A atual data do lançamento de "O desgraçado Sr. Humano & Outros poemas anticínicos", entretanto, ocorre em momento oportuno. Afinal, as consequências nefastas do novo coronavírus fizeram com que grande parte da população repensasse conceitos e valores em relação à vida e percebesse o quanto a essência humana vem se perdendo.

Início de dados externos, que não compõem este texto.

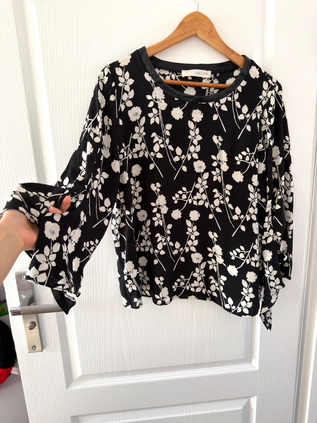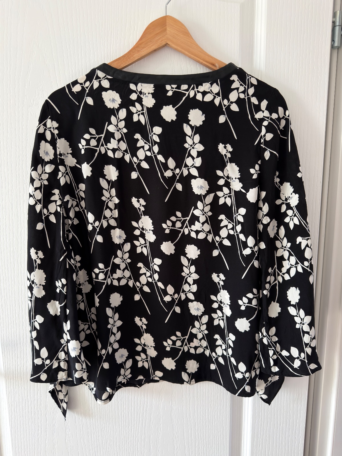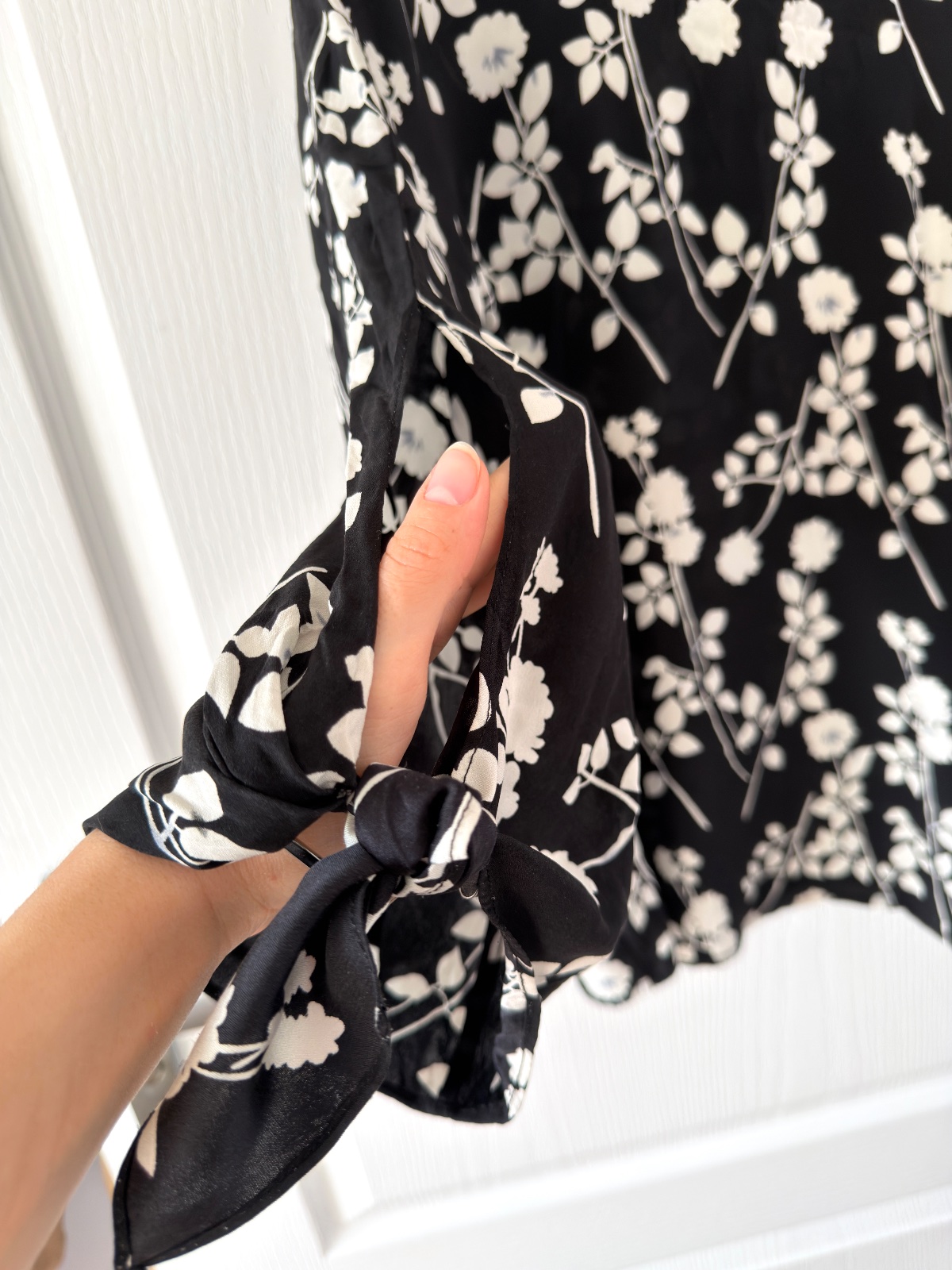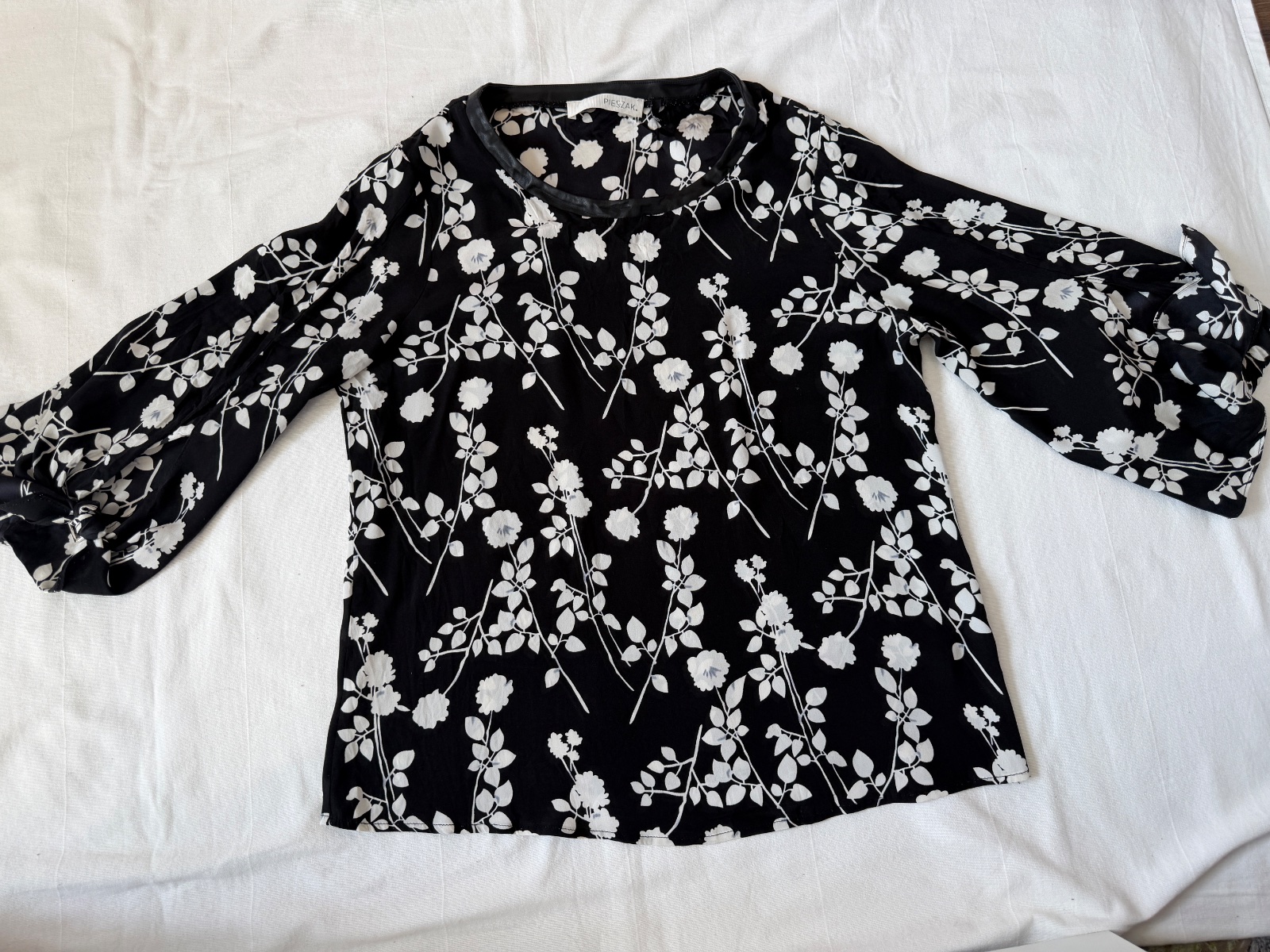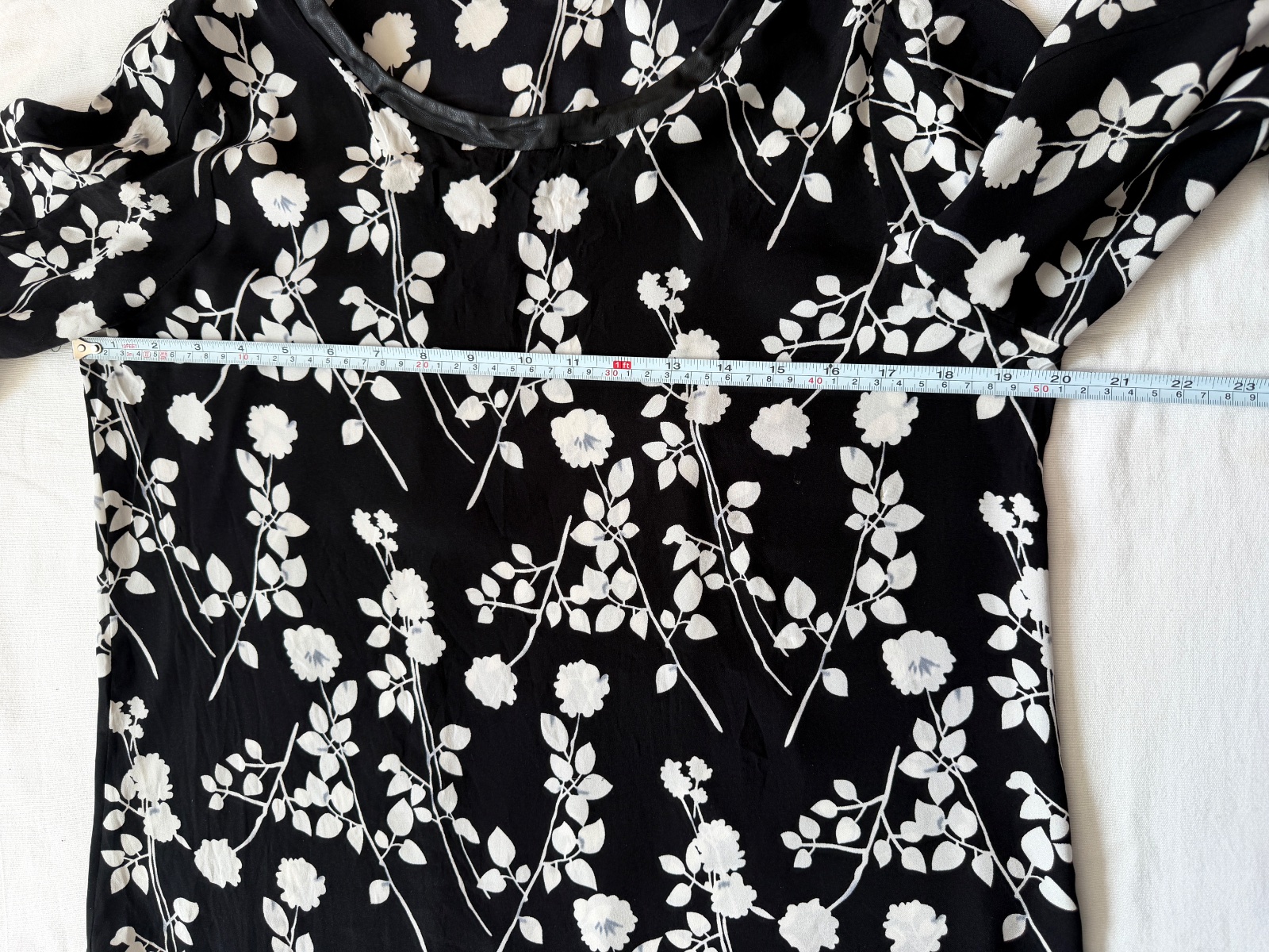 Skutočný klenot pre milovníkov jemných materiálov a jedinečných detailov. Táto blúzka od dánskej značky Pieszak, model Irene, kombinuje klasickú eleganciu s moderným nádychom. Nie je to len tak hocijaký polyester. Blúzka je vyrobená z 95 % prírodného hodvábu s 5 % Lycry. Vďaka tomu materiál krásne splýva, je neuveriteľne mäkký na pokožku a mierne elastický. Výstrih je zakončený štýlovým lemovaním s imitáciou kože. Rozparky na rukávoch sú zakončené výraznými striebornými prackami v štvorcovom tvare – ohromujúcim dojmom pri každom pohybe. Nadčasový biely kvetinový motív na tmavo čiernom pozadí. Veľkosť na etikete je 38; všetky miery sú na fotografiách. Blúzka vyzerá skvele s cigaretovými nohavicami aj s ihlovými nohavicami, ako aj s rovnými džínsami, ktorým pracky na rukávoch dodávajú šperkový vzhľad.

''Esse livro é uma coletânea de poemas e textos escritos nas últimas décadas com foco no humanismo pela via negativa. No entanto, não é uma coletânea de textos reunidos. São textos desunidos''
Anelito de Oliveira, escritor
Lixeira
Para exemplificar, Anelito cita o poema “A lixeira”, no qual o eu lírico reflete sobre sua condição no mundo e, por fim, conclui que sua existência muito se assemelha à de uma lata de lixo. Mas não qualquer uma, e sim “uma lixeira vazia”, destaca Anelito.Este vazio pode ser interpretado como a perda da essência humana, que, para o autor, ocorre em razão da força que o pensamento neoliberal vem ganhando nos últimos anos. Como consequência, vive-se hoje uma onda de consumismo exacerbado. “O ‘ter’ ocupou o lugar do ‘ser’. As pessoas estão cada vez mais preocupadas em consumir e acabaram se esquecendo de si mesmas”, diz Anelito.
Homenagens
Além de textos que exibem a degradação humana sem qualquer colorido ou eufemismos, "O desgraçado Sr. Humano & Outros poemas anticínicos" traz homenagens a escritores contemporâneos e amigos pessoais de Anelito.“Elegia para Wilson Bueno”, por exemplo, foi escrito após a morte do escritor paranaense, em 2010. A ousadia do colega ao escrever – Bueno não se prendia a convenções ou estatutos mercadológicos e chegou a mesclar português, espanhol, guarani e portunhol em uma de suas narrativas –, encantou Anelito. Os dois se conheceram quando o mineiro atuou como editor do “Suplemento Literário de Minas Gerais”.
Outro homenageado é o poeta e letrista Waly Salomão, morto em 2003, aos 59 anos. Nome importante da chamada Geração Mimeógrafo, que, na década de 1970, imprimia e vendia sua própria produção, desafiando o mercado editorial, Salomão foi mais uma amizade de Anitelo possibilitada pelo “Suplemento Literário”.
“Evidentemente, eu já conhecia a produção dos dois, mas, enquanto editor do 'Suplemento', tive um contato ainda maior. E ali pude ver as nuances de cada um, que muito me impressionaram e, de certa forma, serviram como uma espécie de referência”, comenta.
Influências
Tratando-se de referências, Anelito tem um extenso catálogo de poetas das mais distintas nacionalidades. Do russo Vladimir Maiakovski (1893-1930) ao angolano Agostinho Neto (1922-1979), passando, claro, por Carlos Drummond de Andrade, Fernando Pessoa e Mário de Andrade.O autor de “Macunaíma”, inclusive, será ponto central do bate-papo que Anelito fará com os presentes no lançamento de seu livro nesta quarta-feira. “Vou falar sobre o processo criativo do livro, a partir de uma referência do Mário de Andrade. Ele tratava muito dessa questão do esfacelamento do eu, temática que apresento nos textos deste livro.”
"O DESGRAÇADO SR. HUMANO & OUTROS POEMAS ANTICÍNICOS"
• Anelito de Oliveira
• Editora Lobo Azul (178 págs.)
• R$ 72
• Lançamento nesta quarta-feira (5/10), às 19h, na Academia Mineira de Letras, com palestra do autor. Rua da Bahia, 1.466, Lourdes. (31) 3222-5764. Entrada franca.